Egyptian-Jesuit priest (1931–2023)

Henri Boulad, SJ (هنرى بولاد; 28 August 1931 – 14 June 2023) was an Egyptian-Hungarian priest in the Jesuit order, author, and commentator who lived in Egypt. He was a member of the Melkite Greek Catholic Church.

==Biography==
Henri Boulad was born in Alexandria, Egypt on 28 August 1931. His father came from a Syrian Christian family originally from Damascus, but settled in Egypt in 1860. The Boulad family belongs to the old Damascene bourgeoisie and has produced many clerics including Father Abdel Massih (Damascus) and Father Antoune Boulad (Monastery of the Holy Savior, Lebanon).

In 1950, Boulad entered the novitiate of the Jesuits in Bikfaya, Lebanon. From 1952 to 1954, he studied at the Juniorate of Laval (France), then, from 1954 to 1957, he studied philosophy at the Jesuit scholasticate of Chantilly, Oise, still in France. He taught for two years at the Collège de la Sainte Famille in Cairo. After a cycle of theological studies (from 1959 to 1963 in Lebanon), he was ordained a priest according to the Melkite rite. In 1965, he participated in a Jesuit training program in Pomfret, Connecticut and obtained a PhD in School psychology from the University of Chicago.

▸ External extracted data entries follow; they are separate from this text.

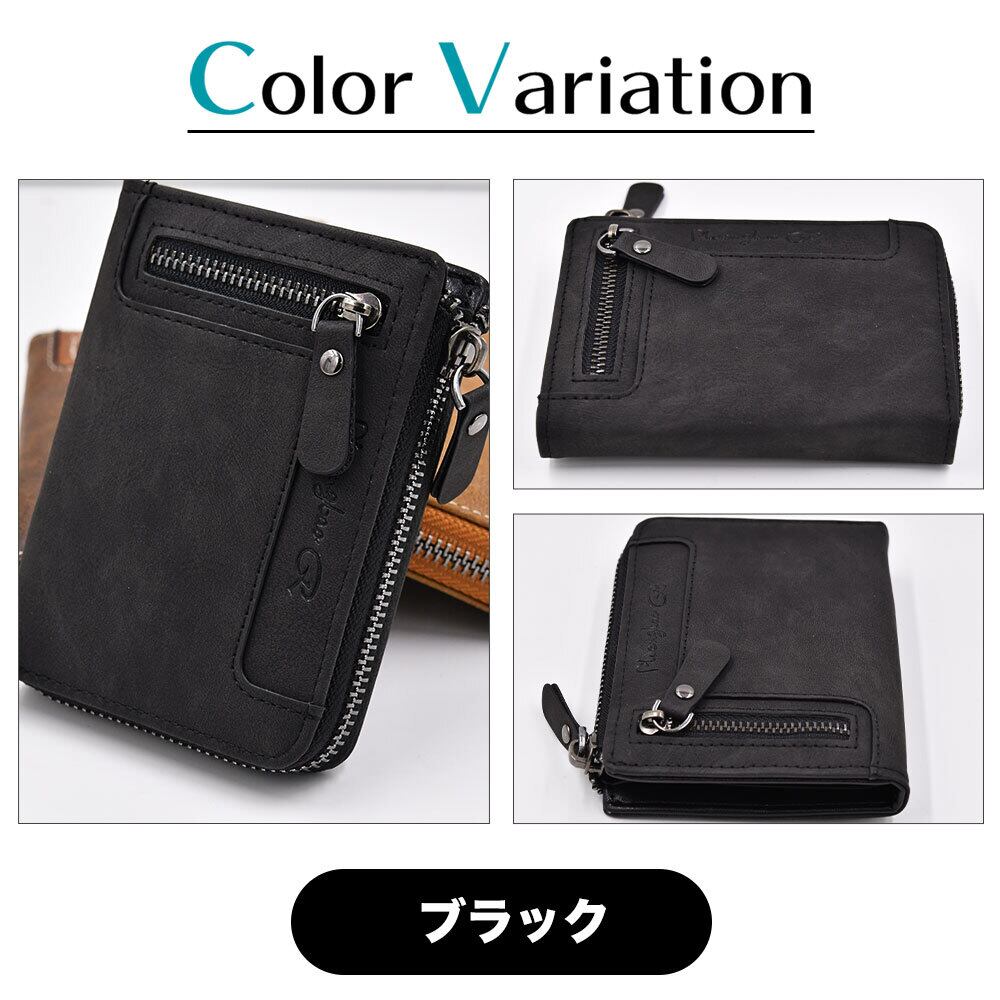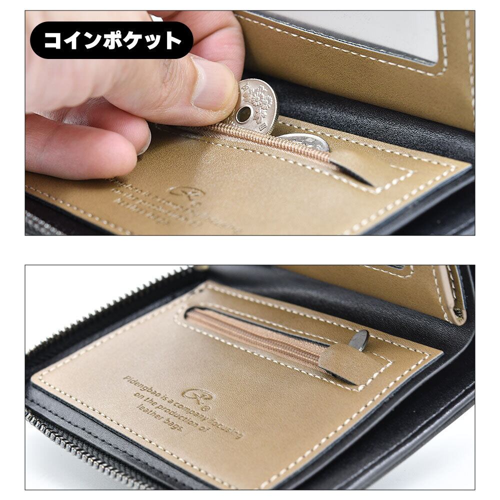 二つ折り レザー製 財布 ブラック ブラウン コンパクト ミニウォレット 革 黒 茶 マグネットなし ICカード収納可 男女 軽い ミニマル メンズ レディース さいふ
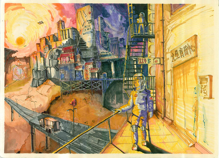 2145年人类科技高速发展,地球资源被过渡开采已经不满足人类需求,人类联合发展航天科技开启星际移民时代,其中火星移民项目受到联名政府的大力支持,并建立了140座火星基地站,开发火星资源以及“移民计划”的实施。画中所展示的就是火星14号开发基地的一角,人类高速发展,并发明了众多先进的科技,其中全智能调控太空服更是先进,能够保证移民在火星能够安全的存活,画中时间为夕阳落日。
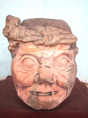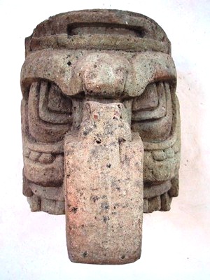 | The people of Copan thought of the world as the body of a crocodile floating on water, its four corners held up by gods known as Pauahtuns, one of whom is depicted in this sculpture. |
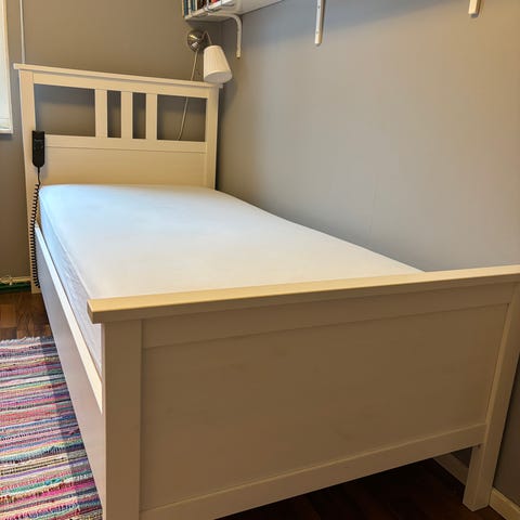 Fint skick, du kan ställa ryggdelen och bendelen. 90x200 cm. Säljes p g a flytt. Finns inne i Nyköpings centrum.
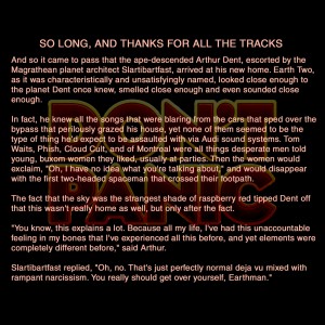 One last thing.  At the end of the third volume of the mixtape I included Pink Floyd’s “Shine On You Crazy Diamond” as a “dedication” track that I thought had no particular relation to The Hitchhiker’s Guide to the Galaxy excepting that Douglas Adams was a big fan of the band.  As commenter Joncwriter pointed out, that song was actually used in the original BBC radio series but omitted from the released recordings due to licensing issues.  I had no idea – it’s entirely a coincidence that I chose that particular track, which seems wonderfully appropriate because it’s these kind of coincidences that Douglas Adams seemed to really enjoy.

Boulad returned to Egypt in 1967. He later became the religious superior of the Jesuits of Alexandria, then the provincial of the Jesuits of the Near East, and professor of theology in Cairo. In 2004, he became rector of CSF of Jesuits in Cairo.

Boulad was strongly committed to serving the poor, Christians and Muslims, a commitment that continued with his involvement in Caritas. From 1984 to 1995, he was director of Caritas Egypt, and president of Caritas North Africa and Middle East. From 1991 to 1995, he was Vice President of Caritas International for the Middle East and North Africa.

In 2007, he wrote a letter to Pope Benedict XVI entitled SOS for the Church today, which was published in 2010. He called for a revamp of the Church and proposed a theological and catechetical reform, a pastoral reform and a spiritual renewal, which should be discussed at a synod of the world church. In 2010, he urged Europe "not to lose its soul".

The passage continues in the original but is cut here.